If you didn’t see the COVID memorial service this evening – part of Joe Biden’s larger inauguration program – you really should. It is remarkable, simply remarkable that we are almost a year into this horrible epidemic and this is the first national memorial or commemorative service honoring, remembering the dead.

It is a remarkable and a devastating commentary. I did not quite grasp this absence until I saw it. We’ve fought so much over this epic calamity. We’ve seen so much deflection, blame-shifting and lies. Biden’s comments, remarkably brief, were a reminder that much of what we need is in silence, remembering and memorializing this catastrophic loss. We are now at more than 400,000 Americans dead, roughly the total number of fatalities over almost four years of World War II.

The brief program included two songs: Amazing Grace and Hallelujah.

This quiet, devastating and hopeful memorial reminded me of the remarkable and wholly improbable journey of this song, Hallelujah, into something like a canonical song of memorial or pathos in American culture. That this should be so is actually quite odd, not least because it is not at all clear what the song, in its totality, is even about. And a number of things the song is quite clearly about … well, they are not what you’d expect in a song now treated as appropriate, uplifting and fitting for all occasions and audiences.

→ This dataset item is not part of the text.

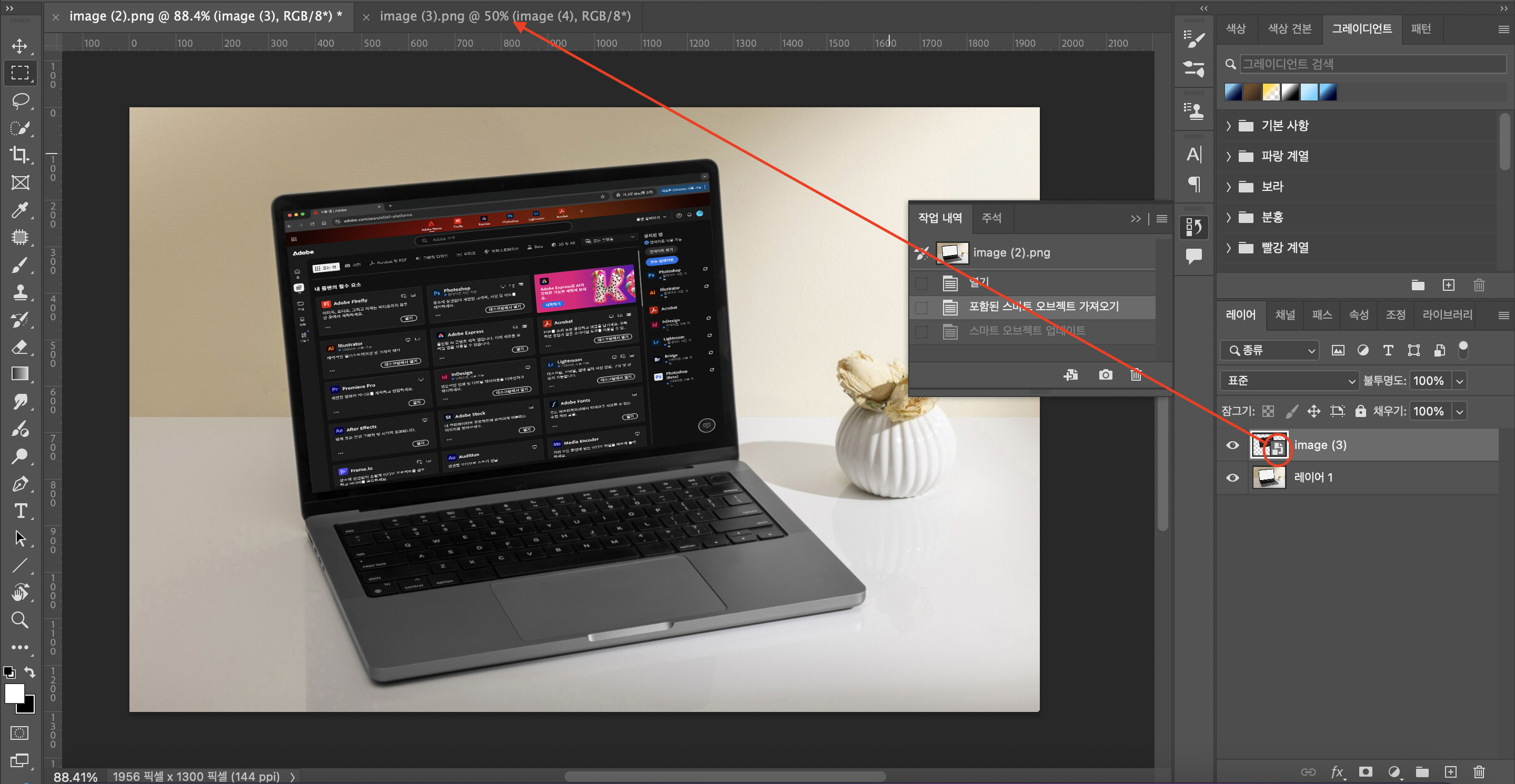 레이어 이미지 우하단 스마트 오브젝트 더블클릭 > 새 창에서 해당 이미지가 뜸.

Mainstream or memorial versions commonly expurgate the song’s erotic imagery. But it can’t all be ironed out. This energy, rumbling rough under the simplified lyrics, gives a power and ballast even to the more sanitized versions. In any case the mixing and matching of lyrics is possible because Leonard Cohen wrote numerous different lyrics for the song. You can mix and match them and create your own version.